### Problem requirements
In the entries below, find the line with "bajar tus datos" and the line with "活动现场,学生们手持扫帚、铲"; copy them and every line between them exactly, but not the pictures.

Stored data entries
--- START ---

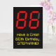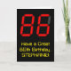 El frente de este diseño de tarjeta de felicitación de cumpleaños con temática geek y nerd presenta un gran número "86" con una apariencia de estilo de pantalla digital de siete segmentos rojos, junto con el mensaje "Feliz 86 cumpleaños", y un nombre personalizado, sobre un fondo de color negro. El interior presenta un mensaje de felicitación de cumpleaños personalizable, o quizás podría estar en blanco si se desea escribir un mensaje a mano en su lugar. Una tarjeta de cumpleaños como esta podría ser una forma divertida de enviar deseos de cumpleaños a alguien que está celebrando su cumpleaños número ochenta y seis.
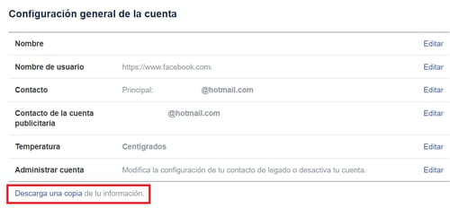 bajar tus datos de Facebook desde tu computadora o teléfono móvil.
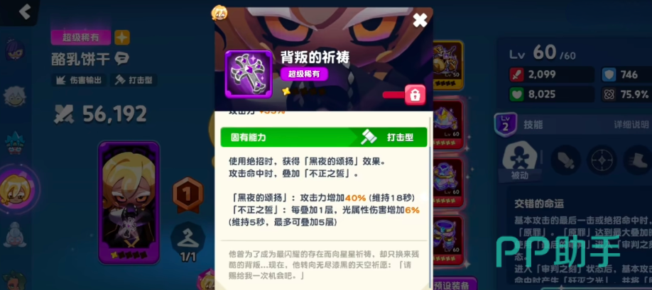 酪乳饼干的主动卡牌技能名为“背叛的祈祷”,可永久提升基础攻击力35%。释放该技能后,立即获得增益状态“黑夜的颂扬”,使自身攻击力额外提升40%,持续18秒。与此同时,每次普通攻击命中目标时,将叠加一层“不正之誓”效果,每层提升光属性伤害,持续5秒,最多可叠加5层。双增益叠加下,其输出曲线呈现显著阶梯式跃升,尤其适合在BOSS战前预热并维持高能状态。
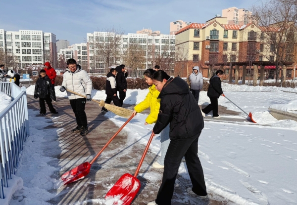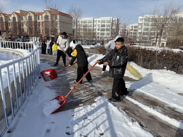 活动现场,学生们手持扫帚、铲雪锹等工具,分工协作,干劲十足。返乡大学生发挥主力军作用,带头清理卫生死角;小初高学生们也不甘示弱,认真清扫路面残雪和垃圾。大家不畏严寒、齐心协力,用实际行动为社区环境贡献力量。
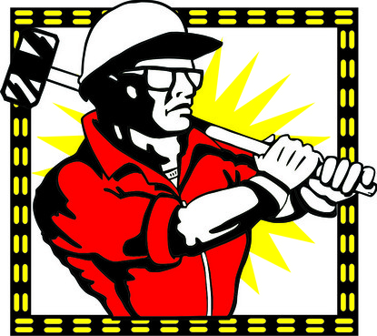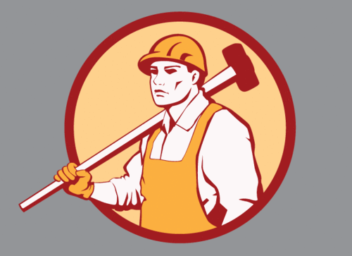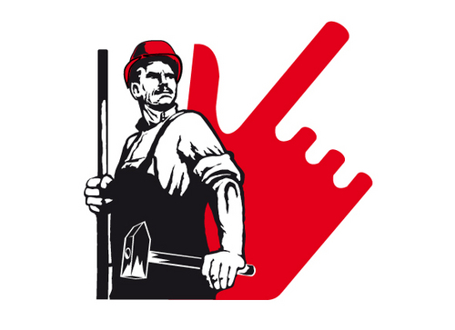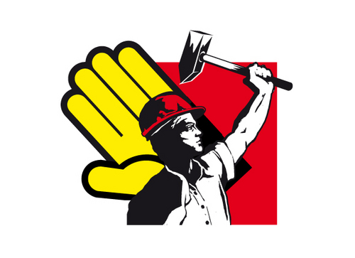 Workman Glove Co. go to www.workmanglove.com to view logo. Looking for a character in the style of russian worker poster. stylized worker with hammer or saw in hand, hardhat, overalls.. Denote strength.
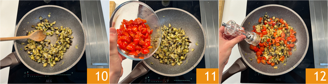 Cuando las berenjenas estén tiernas y cocidas 10, añade los tomatitos 11. Ajusta de sal 12 y de pimienta y deja cocinar durante otros 4-5 minutos.
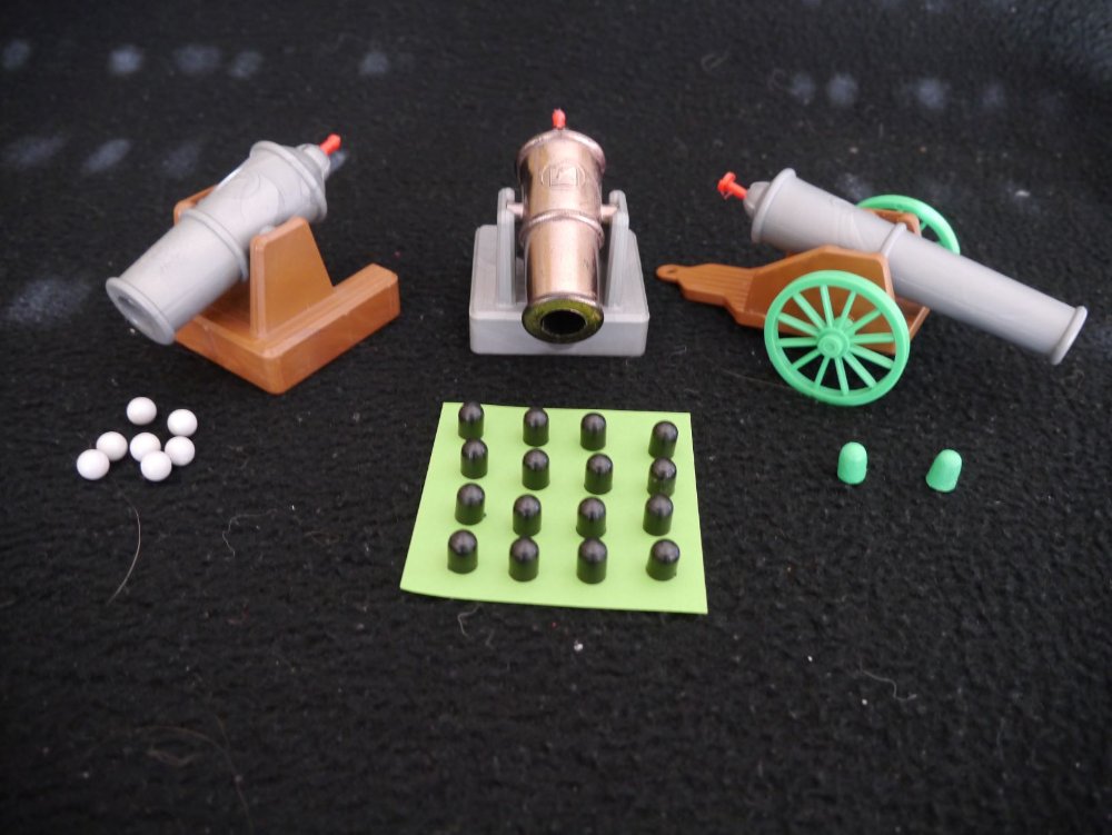 Zwei davon haben das Rabenemblem, gehören also zu den Hunyadi-Rittern. Die dritte ist die mit den grünen Rädern, als Emblem hat sie einen türkischen Halbmond. Ich habe das Munition so "verteilt", wie es mir logisch erscheint, das ist aber möglicherweise falsch. Der Mechanismus funktioniert nicht bei der türkischen Kanone (könnte ein geschickter Bastler vielleicht reparieren).

--- END ---

### Problem solution
 bajar tus datos de Facebook desde tu computadora o teléfono móvil.
 酪乳饼干的主动卡牌技能名为“背叛的祈祷”,可永久提升基础攻击力35%。释放该技能后,立即获得增益状态“黑夜的颂扬”,使自身攻击力额外提升40%,持续18秒。与此同时,每次普通攻击命中目标时,将叠加一层“不正之誓”效果,每层提升光属性伤害,持续5秒,最多可叠加5层。双增益叠加下,其输出曲线呈现显著阶梯式跃升,尤其适合在BOSS战前预热并维持高能状态。
 活动现场,学生们手持扫帚、铲雪锹等工具,分工协作,干劲十足。返乡大学生发挥主力军作用,带头清理卫生死角;小初高学生们也不甘示弱,认真清扫路面残雪和垃圾。大家不畏严寒、齐心协力,用实际行动为社区环境贡献力量。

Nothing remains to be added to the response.